Having always left the pit at an earlier hour, she felt that an explanation was due to her soldiers; to announce simply that she had fallen down was out of the question. She knew that her men trusted her and would therefore accept in good faith any reason she chose to give them for this abrupt change in her day's routine, but convincing herself was a more difficult task. She never told them anything until she really believed what she was going to say. After concentrating a few minutes, she summoned them with a bugle call.

"Men," she began, once they were lined up at attention, "I'm staying an hour longer today than usual, so I can work on the mountain goat maneuvers. I explained mountain-goat fighting last week, but I'll tell you what it is again. It's a special technique used in the mountains around big cliffs. No machine can do mountain-goat fighting. We're going to specialize." She paused. "Even though I'm staying, I want you to go right ahead and have your recreation hour as usual, like you always do the minute I leave. I have total respect for your recreation, and I know you fight as hard as you play."

She dismissed them and walked up to her own headquarters in the deepest part of the pit. At the end of the day the color of the red pit deepened; then, after the sun had sunk behind the hill, the clay lost its color. She began to feel cold and a little uneasy. She was so accustomed to leaving her men each day at the same hour, just before they thronged into the gymnasium, that now lingering on made her feel like an intruder.

It was almost night when she climbed out of the pit. She glanced up at the hilltop house and then started down toward the deserted lower road.

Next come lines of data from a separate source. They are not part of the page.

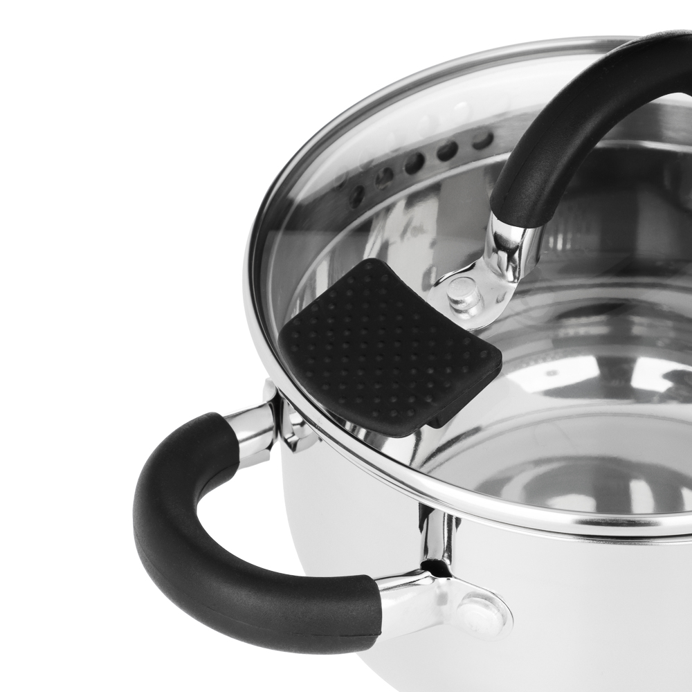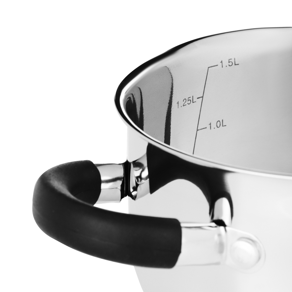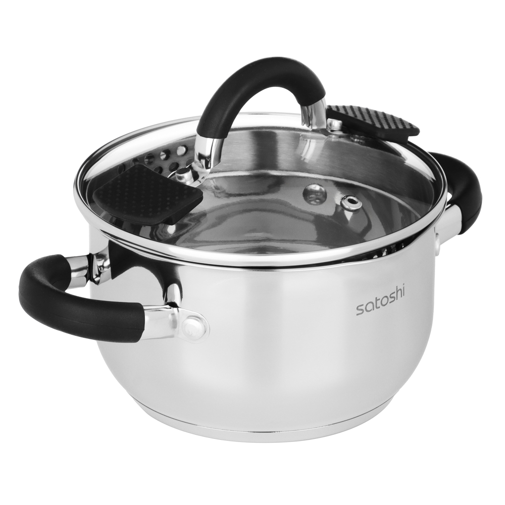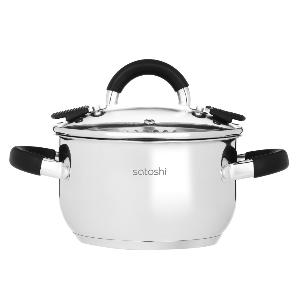 Кастрюля SATOSHI «Арбон» 16х9,5 см, объем 1,8 л, со стеклянной крышкой с паровыпуском – это прекрасная помощница для приготовления первых блюд, варки гарниров и компотов. Изготовлена из высококачественной нержавеющей стали, имеет толстые стенки, устойчивые к деформации. Пятислойное капсульное дно обеспечивает равномерное распределение тепла, быстро нагревается и долго сохраняет температуру. Предусмотрена мерная шкала для замера точных объемов. Силиконовые протекторы ручек защищают руки от ожогов. Держатели на крышке для удобства слива жидкости и специальные отверстия для слива делают процесс использования максимально комфортным и эффективным, позволяя сливать лишнюю жидкость без попадания продуктов в раковину.
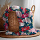 Pretty and colorful red floral illustrated pink red and white flower pattern blue blanket.
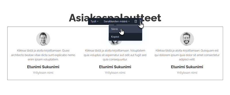 VINKKI: Osiot ja sisältölohkot eroavat toisistaan editorissa. Osiot ovat sivun laajempi osa, niiden asetuksia ohjataan sivun oikealla puolella olevalla hammaspyörällä. Sisältölohkot ovat sivun pienempiä osia (esimerkiksi vain lomake tai teksti), joiden asetuksia ohjataan suoraan kyseisen sisälohkon päällä olevalla "kolme pistettä" -painikkeella. Yksi osio voi sisältää useita sisältölohkoja. Jos haluat siirtää kokonaisia osioita, voit noudattaa ohjeita Kuinka siirrän tai kopion osion.
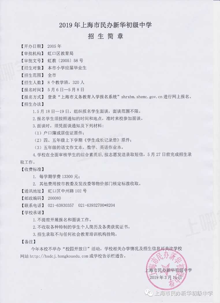 2019年上海市民办新华初级中学招生简章
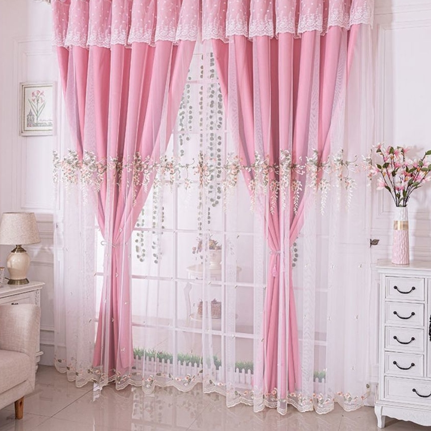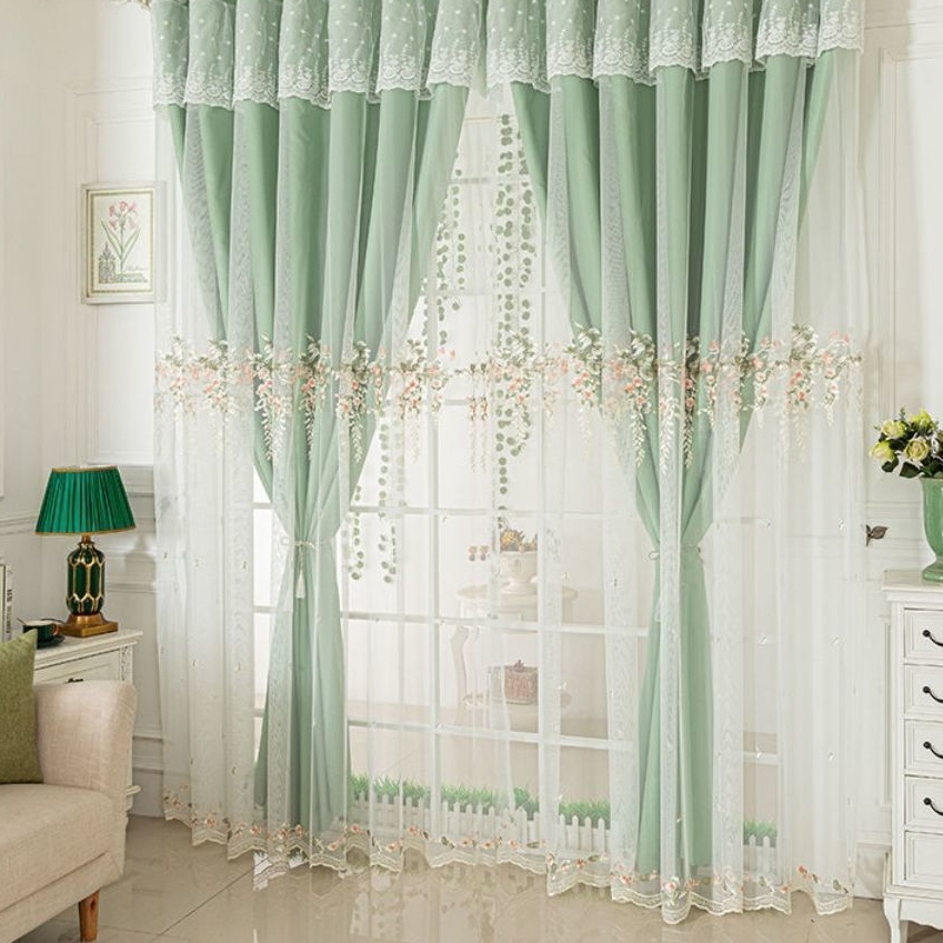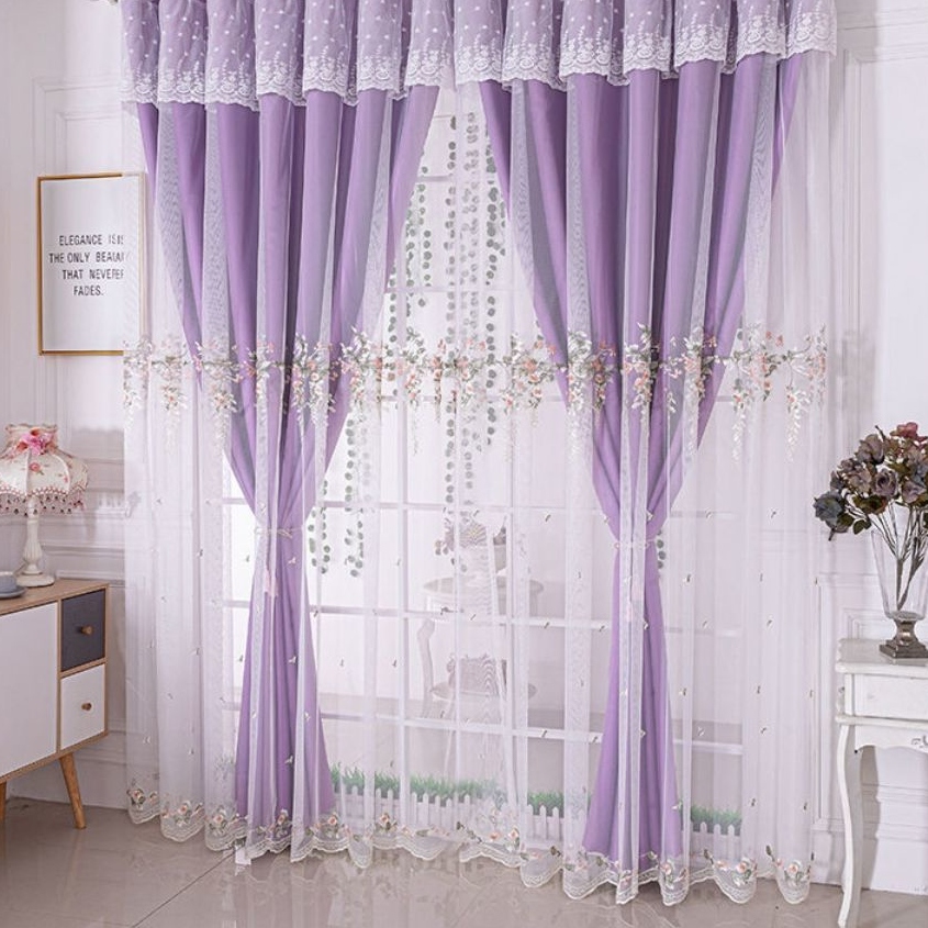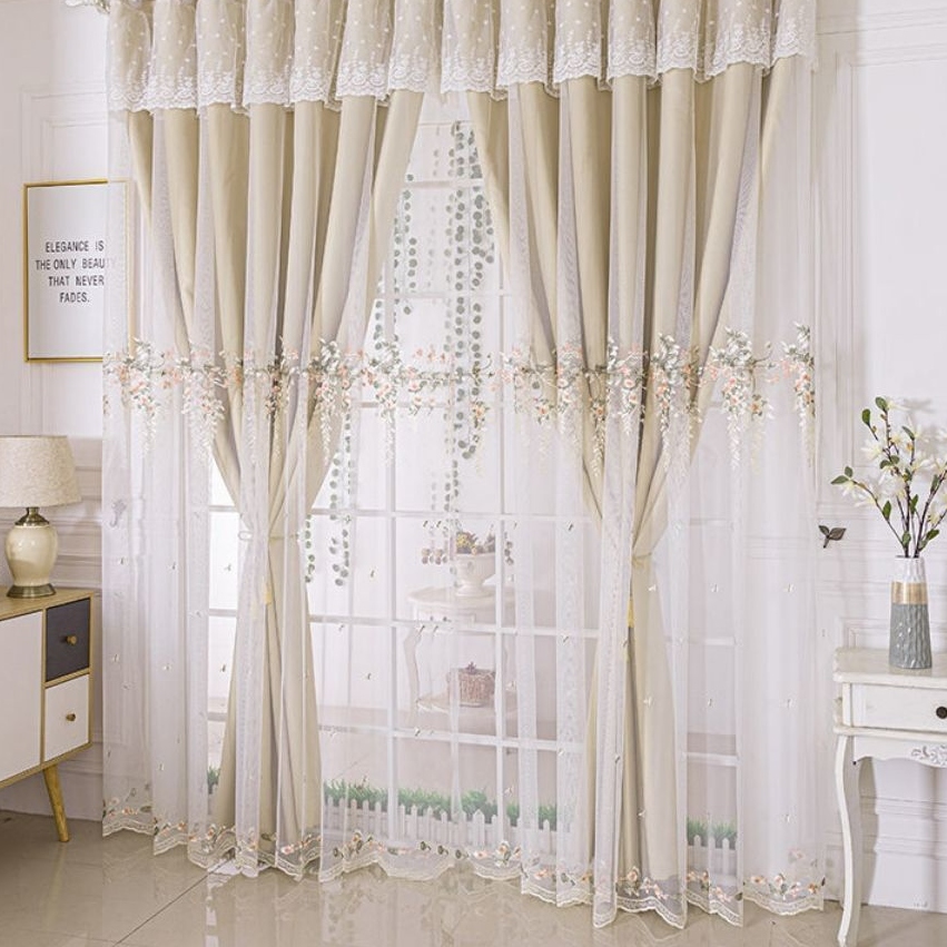 おしゃれ ゴージャス 華やか 繊細で絶妙な刺繍 レース付き 1級遮光 5色 遮熱防寒 防音保温 ドレープ+レース 一体型カーテン 2倍ヒダ
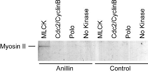 Anillin binds nonmuscle myosin II and regulates the contractile ring., Straight AF, Field CM, Mitchison TJ., Mol Biol Cell. January 1, 2005; 16 (1): 193-201.
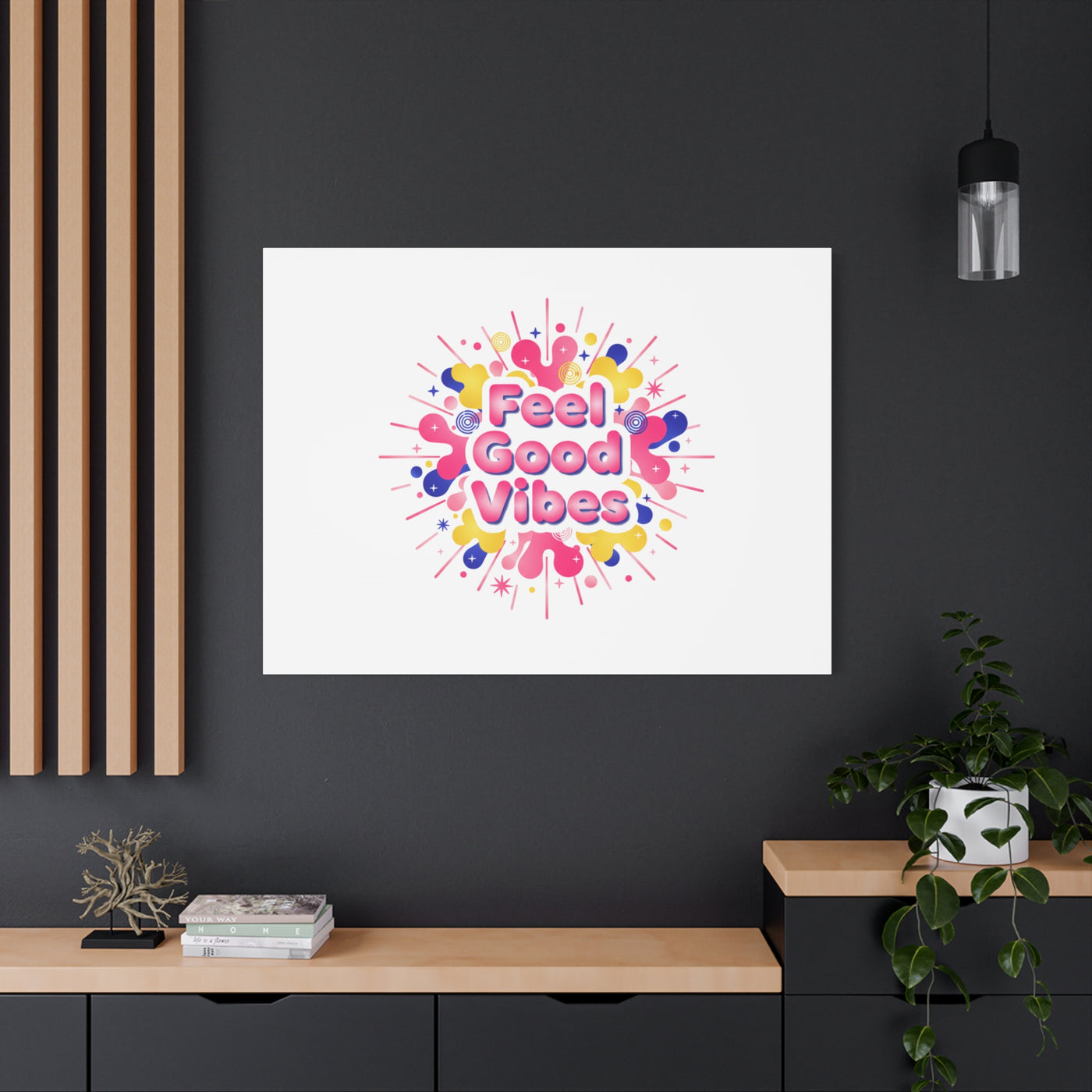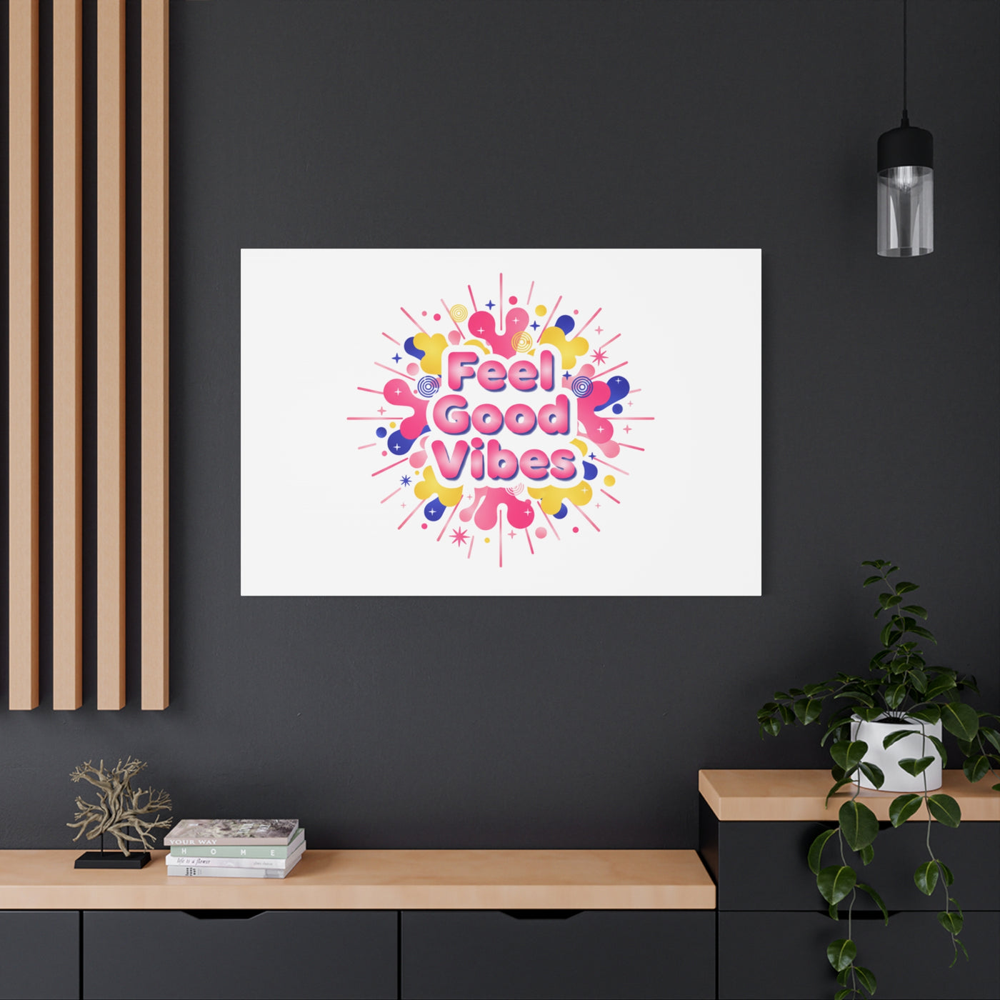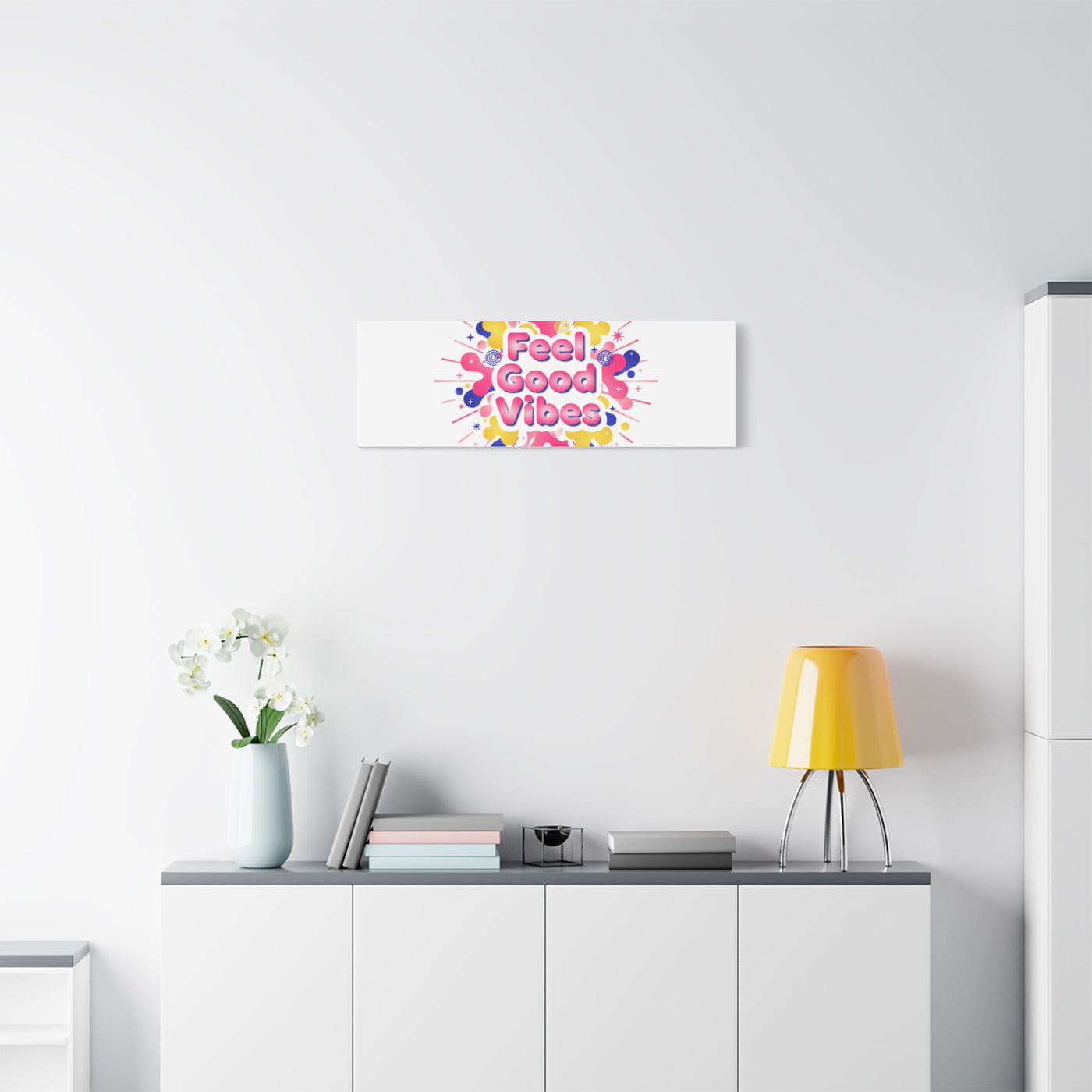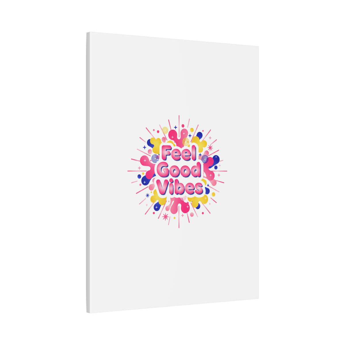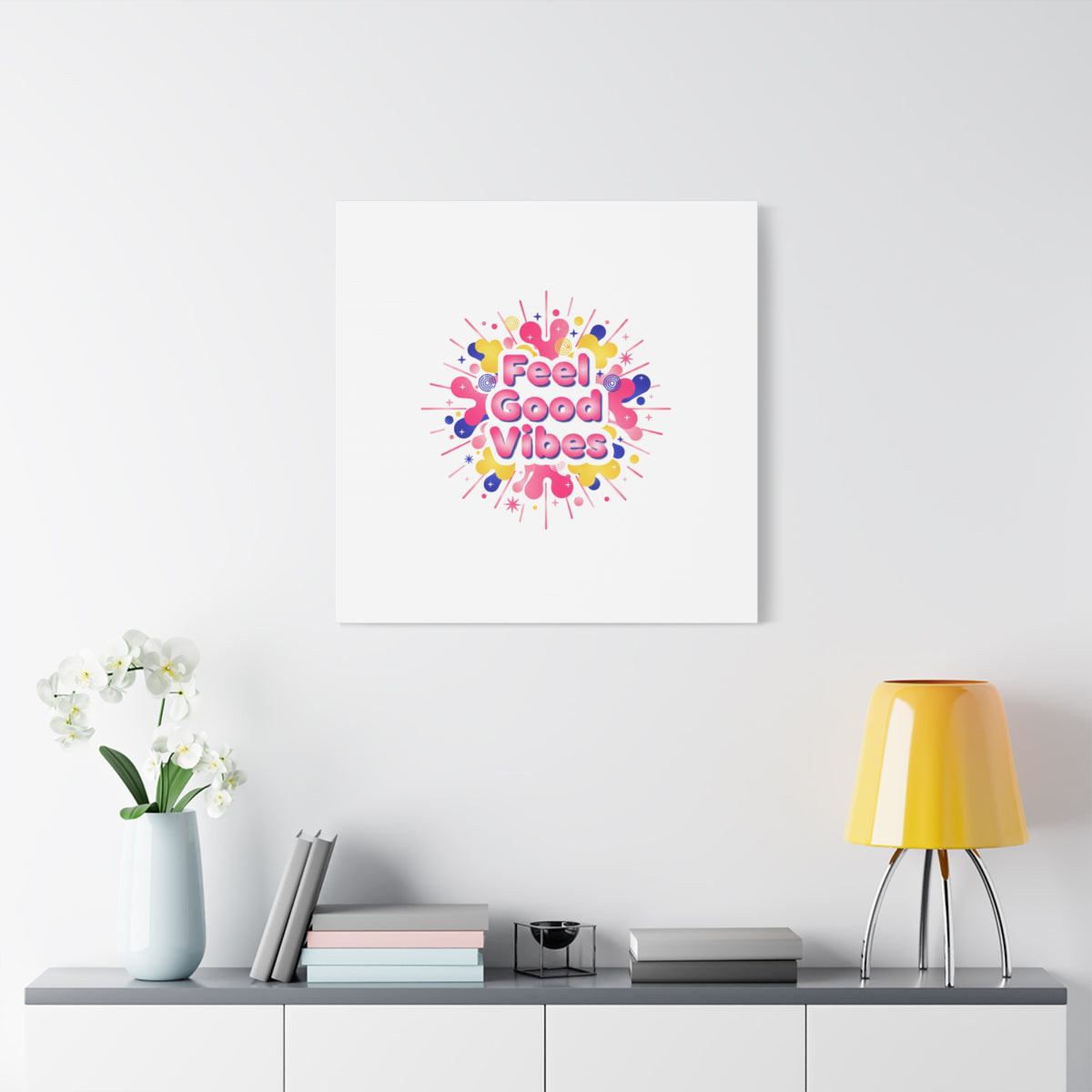 Bright, squishy neon canvas print that channels the Dopamine Decor mood with rounded, glossy lettering and playful 3D-like blobs in electric pinks, lemon yellow and cobalt. The design reads as a burst of sensory comfort — retro Y2K shapes and shiny gradients arranged around a short, upbeat phrase to lift a room’s energy. Sized and finished for wall display, it reads well in small or large formats for color-focused home and self-care corners.

When she reached the outskirts of town she chose the darkest streets so that the coat would be less noticeable. She hated the thick pats of clay that were embedded in its wool; moreover she was suffering from a sense of inner untidiness as a result of the unexpected change in her daily routine. She walked along slowly, scuffing her heels, her face wearing the expression of a person surfeited with food. Far underneath her increasingly lethargic mood lurked a feeling of apprehension; she knew she would be reprimanded for returning home after dark, but she never would admit either the possibility of punishment or the fear of it. At this period she was rapidly perfecting a psychological mechanism which enabled her to forget, for long stretches of time, that her parents existed.

She found her father in the vestibule hanging his coat up on a peg. Her heart sank as he turned around to greet her. Without seeming to, he took in the pats of clay at a glance, but his shifting eyes never alighted candidly on any object.